Swan, Franz und ihre Freunde betrachten das Treiben in der Klinik allerdings skeptisch. Irgendetwas stimmt hier nicht. Dann wird auch noch Franz von der verführerischen Coppelia, einem künstlichen Geschöpf mit blonder Turmfrisur und schmaler Taille, mit einem Elixier betäubt. Willenlos folgt er ihr in die Klinik. Was führt dieser Doktor Coppelius im Schilde? Swan bleibt nichts anderes übrig, als mit ihren Freunden in die Klinik einzudringen.

„Coppelia“ erzählt seine Geschichte ohne Dialoge, nur durch Tanz und Musik. Die Choreografie von Ted Brandsen ist bezaubernd, die Kamera von Tristan Oliver folgt den Tänzern leichtfüßig und schwebend. Vor allem Michaela DePrince vom Niederländischen Nationalballett weiß als Swan mit ihrem Charme und ihrer Freundlichkeit zu überzeugen. Sie ist so etwas wie das Zentrum des Films, die starke Heldin; vieles sieht man aus ihrer Sicht, sie beobachtet, wie sich die Stadt verändert, aber auch die Menschen, von der Bürgermeisterin über ihre Mutter bis hin zum Bäcker.

Sich selbst treu bleiben

Swan ist die einzige Figur, die sich ihrer Stärke und Menschlichkeit bewusst ist und darum gegen Coppelius auflehnen kann. Denn das ist die unaufdringliche Botschaft: seine inneren Werte zu entdecken, sich selbst treu zu bleiben und sich nicht von äußerer Schönheit blenden zu lassen.

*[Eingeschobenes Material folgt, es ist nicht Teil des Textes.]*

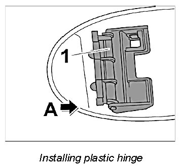 1. Position the plastic hinge -1- at the filler flap and push on in -direction of arrow A-. The lugs must engage perceptively.

Eingebettet ist diese Geschichte in eine aufregend anzuschauende virtuelle Bilderwelt; besonders der Kontrast zwischen lebendigem Stadtleben und düsterer Klinik überzeugt. Die satten Farben sind perfekt aufeinander abgestimmt, die Verbindung von real gefilmten Tänzern (die in Ganzkörper-Anzügen vor einem „Green Screen“ agieren mussten) und computeranimierten Sets ist gelungen. Eine Episode aus Kurosawas „Träume“ oder der viel jüngere Film „Loving Vincent“, in dem die Figuren durch die Ölgemälde van Goghs wanderten, bieten sich als Vergleiche an. Allerdings gibt es einen großen Wermutstropfen, und das ist die seichte, monotone Musik von Maurizio Malagnini, der zwar einen eigenständigen Score komponiert hat, dabei aber gefällige Motive endlos wiederholt und deshalb an der Oberfläche bleibt. Von Léo Delibes, diesem großen Komponisten, ist keine Rede mehr.